Fingers: We wished to max the value.  We didn't have poor lending practices.


----------



## Brendan Burgess (2 Sep 2015)

*Kieran O'Donnell *

Can you explain your joint ventures with property developers

Fingers: In 1992, there was little or no increase in the real value of house prices. Little or no construction. We had the recent act which wanted BS to be a major source of funding for building homes. 

O'd: €8.5 billion of comercial loans. What percentage was joint ventures?  

Fingers: I am guessing 35%. 

O'd: the CB said it was around 65% 

Fingers: I would be surprised. It might be 50%

O'D: What percentgage was non-recourse loans. 

Fingers: In the UK mostly. In Ireland, majority were recourse.  In the UK, they would not give personal guarantees. 

O'D: Was that not reckless to put the members' funds at risk.

Fingers: We had experience with these borrowers since 1992 - 15 years of little or no losses - we had ring fenced our area of activity by ensuring that all those loans would be redeemed within 3 years.  

O'D: In Sept 2008. Too much was tied up in joint ventures with non-recourse loans

Fingers: too much was tied up in joint ventures, but the non-recourse didn't matter.   It was a contributory factor, but not a major issue

O'D: on 7th Sept, Purcell arranged a meeting with the CB with AIB and BoI.  Who requested the meeting. 

Fingers: The regulator. I did nto attend because I had other engagement. There were false Reuters reports.  The night that the Reuters report was issued, we contacted the FR's office and told them that the report was erroneous. The Head of Supervision said they would get onto the media. 

O'd: what was the purpose of the meeting

Fingers: The Regulator felt that there wmight be a run ont he Society. And they wanted to establish if the major banks would provide liquidity if we needed it.  The Society didn't need it. 

O'D:  Letter from Walsh to FR(or vice versa?)  - referencing liquidity risk ; Currently we have no access to ECB rates.  Richie Boucher stated that the FR sought a meeting with him to supply liquidity.  

Fingers: We did not need wholesale funds at that time. We had €4 billion of cash on deposit. 25% liquidity. A multiple of the FR's requirements.  We had repaid 

O'd: you had a meeting subsequently on 18th Sept  with DAvid Doyle fo the Dept of Finance. Why

Fingers: We wanted an increase in the guaranteee to €100k from €20k. I don't think we discussed solvency. I am not sure. 

O'D: Do you accept that in terms of scale, IN has been the biggest in terms of the cost  Were you solvent on the night of the guarantee>?

Fingers: WE certainly were solvent on the night of the guarantee. And no evidence has been produced to suggest otherwise.  I don't accept the discounts imposed by NAMA. 

There would have been a cost to the taxpayer, but it should not have been €5.4 billion 

O'd: Do you want to take this opportunity to apologise

Fingers: I regret that it lost.  I would not have lent in 2006 or 2007. If we had stopped lending in 2006 instead of Sept 2007 we would hav e   eliminated our book. 

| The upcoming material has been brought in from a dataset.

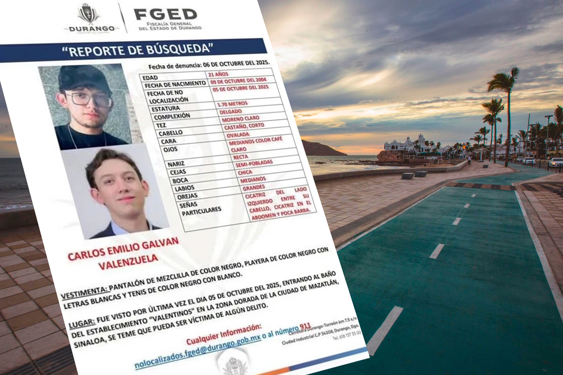 La desaparición del joven duranguense Carlos Emilio Galván Valenzuela, ocurrida el pasado 5 de octubre dentro del bar Terraza Valentino en Mazatlán, dejó de ser un asunto local para convertirse en una herida abierta en el corazón del turismo sinaloense.

O'd: How was your remuneration decided: You were on€2.3m of a salary 

Fingers: The remuneration committee decided it.  The bonus was based on the performance of 

O'd: Do you believe that the bonuses were warranted

Fingers: Not in hindsight. 

O'd: The FR sent a letter in Dec 2004 , and March 2008 saying they were concerned with resources.  There was lack of strength in senior resources and strength at board level.   Why did you increase your loan book. 

Fingers: I refer to the detailed full reply. Where he pointed out. That we had increased the level of management which the FR wasn ot aware of. We did need some further strengethning o fmanagement, but were finding it difficult to attract people as we were being sold.  We were not deficient, but we could have done with more.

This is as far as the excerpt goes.